An AE was considered serious if it was fatal; life-threatening; persistently or significantly disabling or incapacitating; required in-patient hospitalization or prolonged hospitalization; a congenital anomaly/birth defect; or other medically significant event that, based upon appropriate medical judgment, may have jeopardized the subject and may have required medical or surgical intervention.
Additional information about Adverse Events can be found in the Adverse Event section.
Secondary Outcome Measures
Change From Baseline in Clinical Global Impression Severity of Illness (CGI-S) Score
The rater or investigator answered the following question:
"Considering your total clinical experience with this particular population, how mentally ill is the patient at this time?" Response choices included: 0=not assessed; 1=normal (not at all ill); 2=borderline mentally ill; 3=mildly ill; 4=moderately ill; 5=markedly ill; 6=severely ill; 7=among the most extremely ill patients. A negative change from Baseline indicated improvement
Number of Participants With Clinical Significant Laboratory Tests
Blood was collected for Fasting clinical laboratory tests (serum chemistry and hematology) at Baseline, Months 12, 24, 36, 48, 60, and 72 and were analyzed at a central laboratory.
Clinically significant values are defined as the following:
Bilirubin, total ≥ 2.0 mg/dL. Creatine phosphokinase > 500 U/L for participants 13-17 years or 3 times the upper limit of normal for participants ≥ 18 years [Reference Range (0 to 190 IU/L (females) and 0 to 235 IU/L (males)].
Eosinophils ≥ 10 %. Hematocrit < 30 % for participants 13-17 years old or ≥ 18 year old participants female ≤ 32 % and a 3 point decrease from baseline or male ≤ 37 % and a 3 point decrease from baseline.
Hemoglobin female ≤ 9.5 g/dL or male ≤ 11.5 g/dL. Prolactin > 1 times the upper limit of normal [Reference range: 2 to 18 ng/mL (males) and 3 to 30 ng/mL (females)].
Number of Participants With Clinically Significant Heart Rate
Heart rate was measured at Baseline and at each visit supine (lying on the back) and standing. A heart rate increase is an increase of ≥ 15 beats per minute (bpm) compared to Baseline.

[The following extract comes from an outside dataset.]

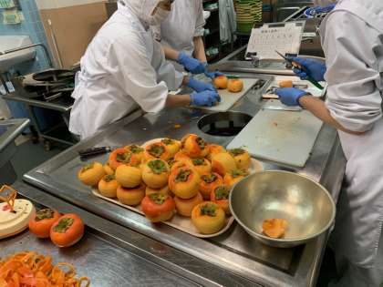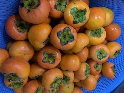 給食には富有柿(甘がき)と、平種無柿(しぶがき)が出ます。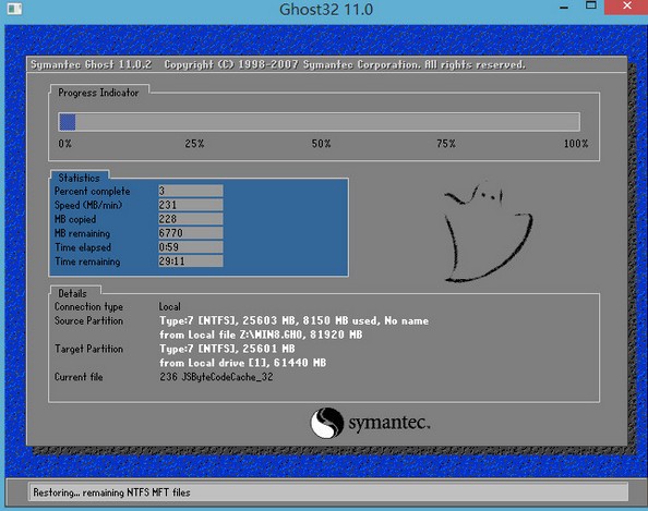 5、电脑会自动重启,然后进行解压和安装过程,等待安装结束即可,如下图所示:

A heart rate decrease is a decrease of ≥ 15 bpm compared to Baseline.
Number of Participants With Clinically Significant Blood Pressure
Systolic and Diastolic blood pressure was measured at Baseline and at all visits supine (lying on the back) and standing.
Systolic increase was an increase of ≥ 20 mm Hg compared to Baseline and systolic decrease was a decrease of ≥ 20 mm Hg compared to Baseline.
A diastolic increase was an increase of ≥ 15 mm Hg compared to Baseline and a diastolic decrease was a decrease of ≥ 15 mm Hg compared to Baseline.
Number of Participants With Clinically Abnormal Changes in Electrocardiograms (ECGs) Evaluations
A 12-lead ECG was recorded at Baseline, Months 6, 12, 24, 36, 48, 60 and 72. Three readings taken 5 minutes were read by a central ECG reading service and averaged.
Clinically significant ECGs were defined as:
Sinus Bradycardia: ≤ 50 beats per minute (bpm), decrease of ≥ 15 bpm from Baseline.
Supraventricular premature beat: ≥ 2 per 10 seconds, increase from Baseline. Ventricular premature beat: ≥ 1 per 10 seconds, increase from Baseline. Right bundle branch block: present. Other intraventricular block: QRS ≥ 0.10 seconds for age 13-17 years or QRS ≥ 0.11 seconds for age ≥ 18 years, an increase of ≥ 0.02 seconds from Baseline.
Symmetrical T-wave inversion: present. QTcB (QT interval corrected Bazett's formula), QTcF (QT interval corrected Fridericia's formula), QTcN (QT corrected FDA Neuropharmacology Division formula), QTcE (QT corrected fractional exponent correction method: ≥ 420 msec for age 13-17 years or ≥ 450 msec for age ≥ 18 years, ≥ 10 % increase from Baseline.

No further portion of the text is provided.